■ **Work order**
Every record needs to come back as written, except for the pictures.
---------------
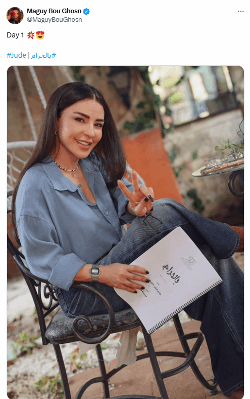 وشاركت بو غصن صورة من “اليوم الأول” من التصوير عبر منصة “إكس”، ظهرت فيها حاملةً سيناريو العمل مع علامة النصر، في اشارة تفاؤلية حول نجاح المساسل المنتظر، اثر نجاحات حققتها الأعوام الماضية من خلال مسلسلات “للموت” و”ع أمل” و”بالدم”..
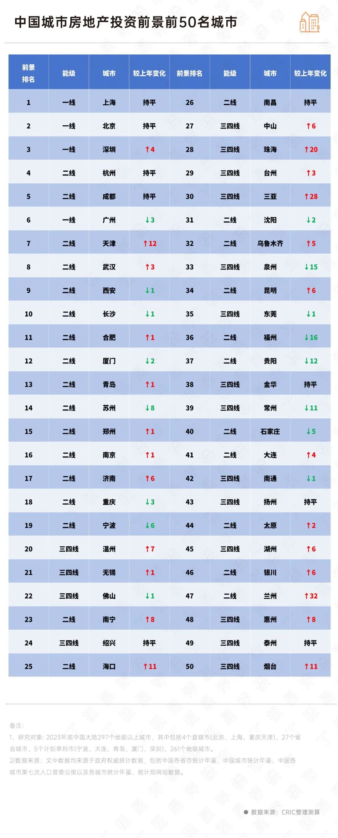 近日,CRIC對297個地級以上城市房地產(chǎn)市場進行了全面梳理,在最新發(fā)布的2025中國房地產(chǎn)投資前景排行榜中,房地產(chǎn)投資前景TOP50城市的排名出現(xiàn)了變動。
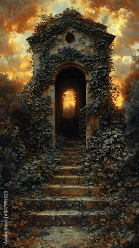 Fototapeta premium A mystical path leads through an ancient stone archway, enveloped in vibrant greenery and illuminated by a golden sunset, evoking a sense of mystery and enchantment.
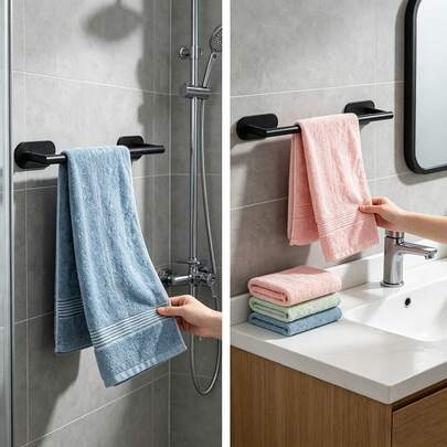无需钻孔的毛巾杆,适合租房者使用的浴室毛巾架,黑色简约壁挂式挂架,可重复使用,不损坏墙面。
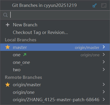 1. 右键 origin/master → New Branch from 'origin/master'...
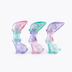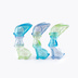 サイズ|高さ約6cm 素 材|PVC 「きらめき」がテーマのICHIです。 カラークリア素体にシルバーのラメを入れた3体のパーツを組み替えました。 塗装はありません、形と色をお楽しみいただけたら嬉しいです。 🧊🫐🍐|BLUE(ライトブルー/ブルー/ライムグリーン)3体セット 🍇🍑🍏|PINK(パープル/ピンク/エメラルドグリーン)3体セット お一人様各1セット限り(計2セットまで) 今後のイベント販売予定は現時点ではありません (BOOTH通販分で終了を予定しています)
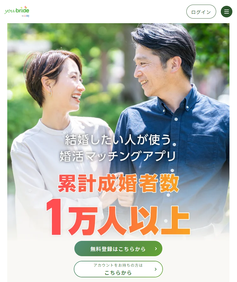 ユーブライドは、結婚相談所で有名なIBJグループが運営する婚活サービスで、累計成婚者数が多い実績を誇る信頼性の高いアプリです。特に30代〜40代の真剣な婚活ユーザーが多く、再婚希望者も一定数存在しているため、落ち着いた出会いを求める女性に向いています。
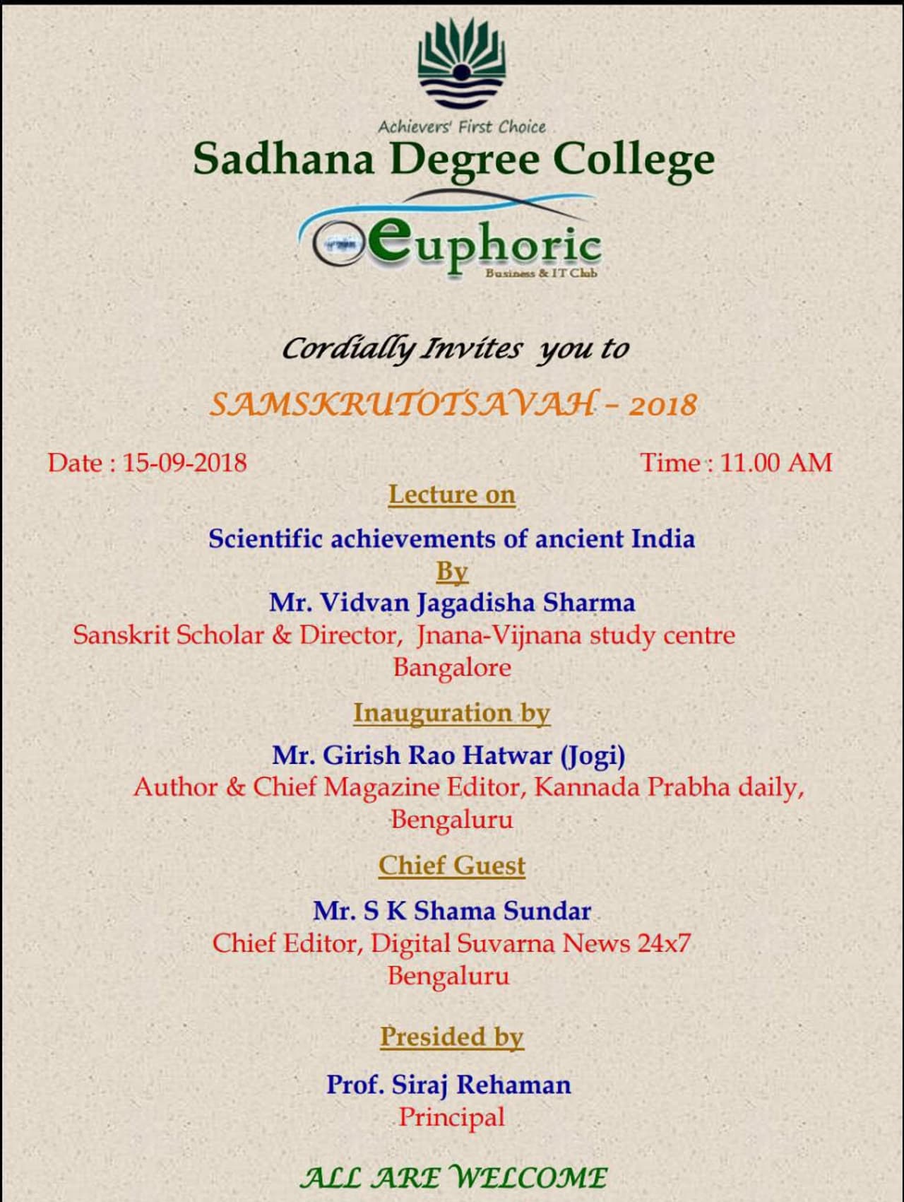 ಭಾರತದ ವೈಜ್ಞಾನಿಕ ಸಾಧನೆಗಳ ಬಗ್ಗೆ ಒಂದೆಲ್ಲಾ ಒಂದು ಕಡೆ ಕೇಳುತ್ತಲೇ ಇರುತ್ತವೆ. ಆದರೆ ಸಂಪೂರ್ಣ ವಿವರ ನಮಗೆ ಗೊತ್ತಿರುವುದಿಲ್ಲ. ಇಲ್ಲೊಂದು ಕಾರ್ಯಕ್ರಮ ಭಾರತದ ವೈಜ್ಞಾನಿಕ ಸಾಧನೆಗಳ ಮೇಲೆ ಸಂಪೂರ್ಣ ಬೆಳಕು ಚೆಲ್ಲುವ ಕೆಲಸ ಮಾಡಲಿದೆ. ಸಂಸ್ಕೃತ ಭಾಷೆಯ ಅರಿವಿನಲ್ಲಿ ಗೊತ್ತಿರದ ಅನೇಕ ವಿಚಾರಗಳನ್ನು ನಮ್ಮ ಮುಂದೆ ಇಡಲಿದೆ.
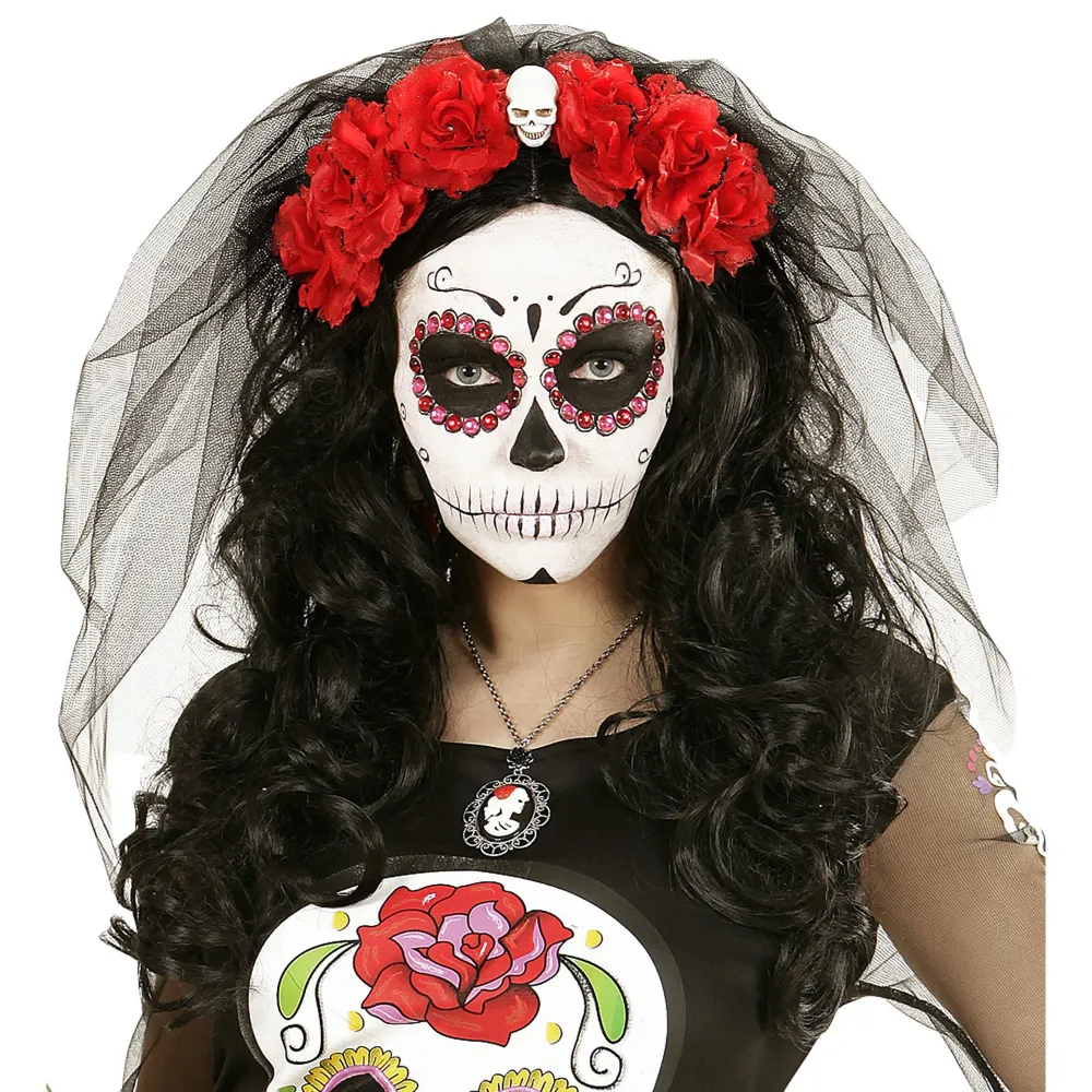 Coiffe roses rouges avec voile noir et tête de mort
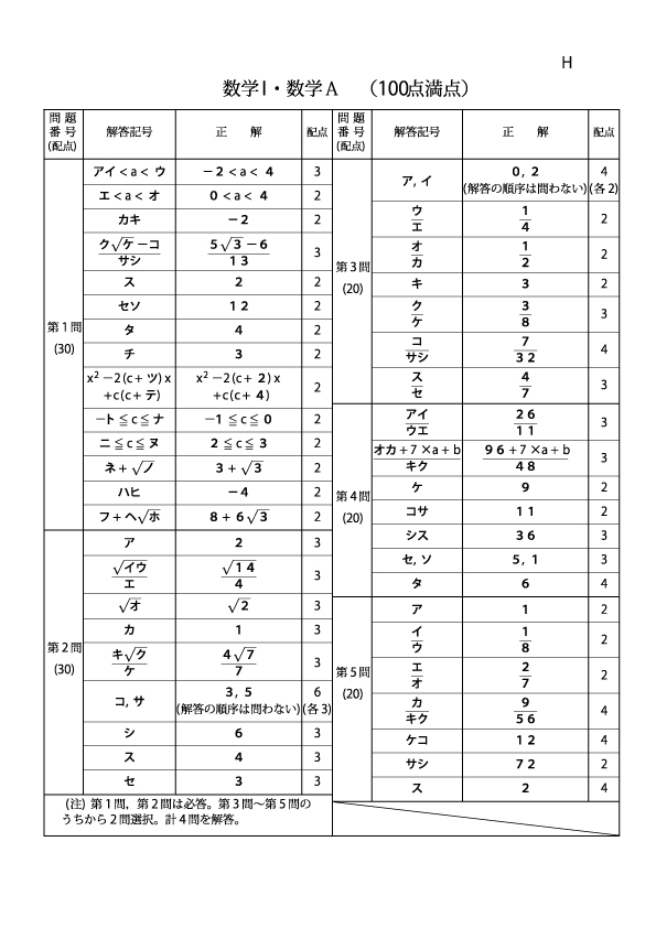 共通テスト【数学ⅠA】2020年 本試 解答
---------------
■ **Expected answer**
 وشاركت بو غصن صورة من “اليوم الأول” من التصوير عبر منصة “إكس”، ظهرت فيها حاملةً سيناريو العمل مع علامة النصر، في اشارة تفاؤلية حول نجاح المساسل المنتظر، اثر نجاحات حققتها الأعوام الماضية من خلال مسلسلات “للموت” و”ع أمل” و”بالدم”..
 近日,CRIC對297個地級以上城市房地產(chǎn)市場進行了全面梳理,在最新發(fā)布的2025中國房地產(chǎn)投資前景排行榜中,房地產(chǎn)投資前景TOP50城市的排名出現(xiàn)了變動。
 Fototapeta premium A mystical path leads through an ancient stone archway, enveloped in vibrant greenery and illuminated by a golden sunset, evoking a sense of mystery and enchantment.
无需钻孔的毛巾杆,适合租房者使用的浴室毛巾架,黑色简约壁挂式挂架,可重复使用,不损坏墙面。
 1. 右键 origin/master → New Branch from 'origin/master'...
 サイズ|高さ約6cm 素 材|PVC 「きらめき」がテーマのICHIです。 カラークリア素体にシルバーのラメを入れた3体のパーツを組み替えました。 塗装はありません、形と色をお楽しみいただけたら嬉しいです。 🧊🫐🍐|BLUE(ライトブルー/ブルー/ライムグリーン)3体セット 🍇🍑🍏|PINK(パープル/ピンク/エメラルドグリーン)3体セット お一人様各1セット限り(計2セットまで) 今後のイベント販売予定は現時点ではありません (BOOTH通販分で終了を予定しています)
 ユーブライドは、結婚相談所で有名なIBJグループが運営する婚活サービスで、累計成婚者数が多い実績を誇る信頼性の高いアプリです。特に30代〜40代の真剣な婚活ユーザーが多く、再婚希望者も一定数存在しているため、落ち着いた出会いを求める女性に向いています。
 ಭಾರತದ ವೈಜ್ಞಾನಿಕ ಸಾಧನೆಗಳ ಬಗ್ಗೆ ಒಂದೆಲ್ಲಾ ಒಂದು ಕಡೆ ಕೇಳುತ್ತಲೇ ಇರುತ್ತವೆ. ಆದರೆ ಸಂಪೂರ್ಣ ವಿವರ ನಮಗೆ ಗೊತ್ತಿರುವುದಿಲ್ಲ. ಇಲ್ಲೊಂದು ಕಾರ್ಯಕ್ರಮ ಭಾರತದ ವೈಜ್ಞಾನಿಕ ಸಾಧನೆಗಳ ಮೇಲೆ ಸಂಪೂರ್ಣ ಬೆಳಕು ಚೆಲ್ಲುವ ಕೆಲಸ ಮಾಡಲಿದೆ. ಸಂಸ್ಕೃತ ಭಾಷೆಯ ಅರಿವಿನಲ್ಲಿ ಗೊತ್ತಿರದ ಅನೇಕ ವಿಚಾರಗಳನ್ನು ನಮ್ಮ ಮುಂದೆ ಇಡಲಿದೆ.
 Coiffe roses rouges avec voile noir et tête de mort
 共通テスト【数学ⅠA】2020年 本試 解答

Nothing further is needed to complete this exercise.